For multi-line Matching of html, use of the regular re. S (crawling Douban movie short ratings) and re. s short ratings
First, this article referred to the above two articles, crawled "invisible guest short comments" on the Douban film column, and imported them into cvs.
For the multi-line html of Regular Expression matching, re. S must be added based on the original one.
In this way, the end of each row is displayed in the form of \ n + space.
In fact, matching can be performed through .*? Directly filter out.

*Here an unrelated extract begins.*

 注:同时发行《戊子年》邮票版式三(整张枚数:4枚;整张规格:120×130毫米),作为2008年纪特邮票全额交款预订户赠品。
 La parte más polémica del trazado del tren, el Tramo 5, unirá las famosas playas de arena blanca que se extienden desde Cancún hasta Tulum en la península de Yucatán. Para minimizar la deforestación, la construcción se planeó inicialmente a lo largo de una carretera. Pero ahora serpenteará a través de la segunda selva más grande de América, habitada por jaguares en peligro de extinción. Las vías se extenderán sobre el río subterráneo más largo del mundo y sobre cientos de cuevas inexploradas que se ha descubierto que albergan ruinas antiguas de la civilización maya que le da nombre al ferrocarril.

For more information, see the 13th rows.
In addition, the pandas module of python needs to be encoded and converted to use to_cvs of DataFrame to avoid garbled characters.

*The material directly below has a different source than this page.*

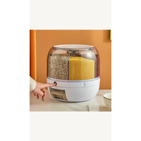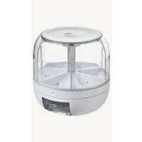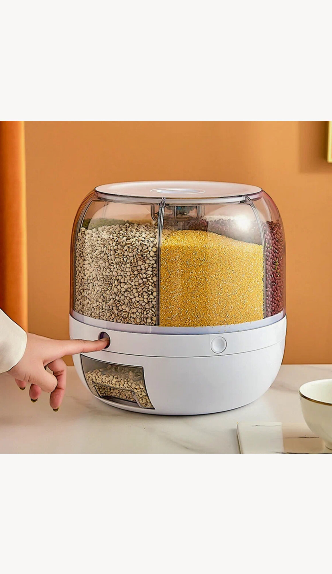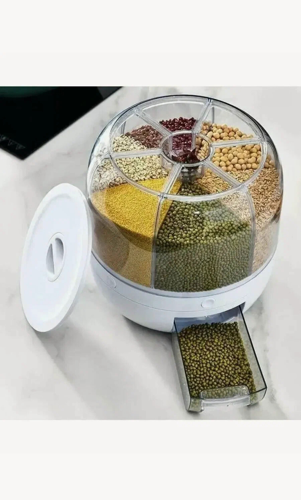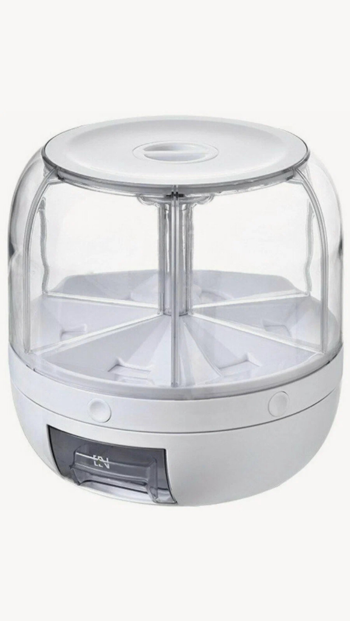 Диспенсер кухонный органайзер – новинка для современных хозяек. Диспенсер для круп с шестью вместительными отсеками поможет в организации хранения сыпучих продуктов на вашей кухне. Многоразовый пластиковый контейнер выполнен из экологически чистых материалов и абсолютно безопасен для здоровья, имеет прозрачный корпус и плотную крышку, защищающую продукты от загрязнения, попадания влаги и предотвращающую проникновение насекомых-вредителей. Ёмкость для сыпучих продуктов вращается на 360 градусов на подставке и, благодаря размеру, впишется в полку для кухни или в кухонный шкаф. Вам не нужно каждый раз доставать контейнер - просто поверните его нужной стороной, нажмите на кнопку и отмерьте необходимое количество продукта. Органайзер для круп 6 в 1, с дозатором подходит для пищевых продуктов: крупы, риса, гречки, гороха, пшена, семечек, чая, кофе в зёрнах, орехов, для мюсли и многого другого. Главным преимуществом емкости для кухни является экономия места, так как она вмещает 6 видов продуктов. Новый дизайн кухонного контейнера украсит любой интерьер и станет незаменимым помощником для хранения сыпучих продуктов. Такой аксессуар для кухни так же является отличным подарком на день рождения маме, 8 марта бабушке, на новый год сестре, на свадьбу коллеге, подруге тёте и просто для себя любимой.

1 # coding = UTF-8 2 import requests 3 import re 4 import pandas as pd 5 headers = {6 'user-agent': 'mozilla/5.0 (Macintosh; Intel Mac OS X 10_12_6) appleWebKit/537.36 (KHTML, like Gecko) Chrome/61.0.20.3.100 Safari/100', 7 'host': 'movie .douban.com '8} 9 cookies = {'cookies ': 'Your cookies '} 10 url = 'https: // movie.douban.com/subject/26580232/comments? Status = P '11 html = requests. get (url, headers = headers, cookies = cookies) 12 reg = re. compile (R' <a href = "(.*?) & Amp; status = P ".*? Class = "next"> ') 13 ren = re. compile (R' <span class = "comment-info"> .*? Class = ""> (.*?) </A> .*? <Span> .*? Title = "(.*?) "> </Span> .*? <Span .*? Title = "(.*?) "> .*? <P class = ""> (.*?) \ N', re. s) 14 while html. status_code = 200:15 url_next = 'https: // movie.douban.com/subject/26580232/comments'{re.findall (reg, html. text) [0] 16 keren = re. findall (ren, html. text) 17 data = pd. dataFrame (keren) 18 print (data) 19 print (url_next) 20 data. to_csv ('/Users/b1ancheng/Desktop/kerenduanping.csv', header = False, index = False, mode = 'a + ', encoding = "utf_8_sig ") 21 data = [] 22 keren = [] 23 html = requests. get (url_next, headers = headers, cookies = cookies)
Reference: http://www.python (tab). com/html/2017/pythonhexinbiancheng_0904/1170.html (remove parentheses)
Http://blog.csdn.net/eastmount/article/details/51082253
Hope you can give more comments and make progress together.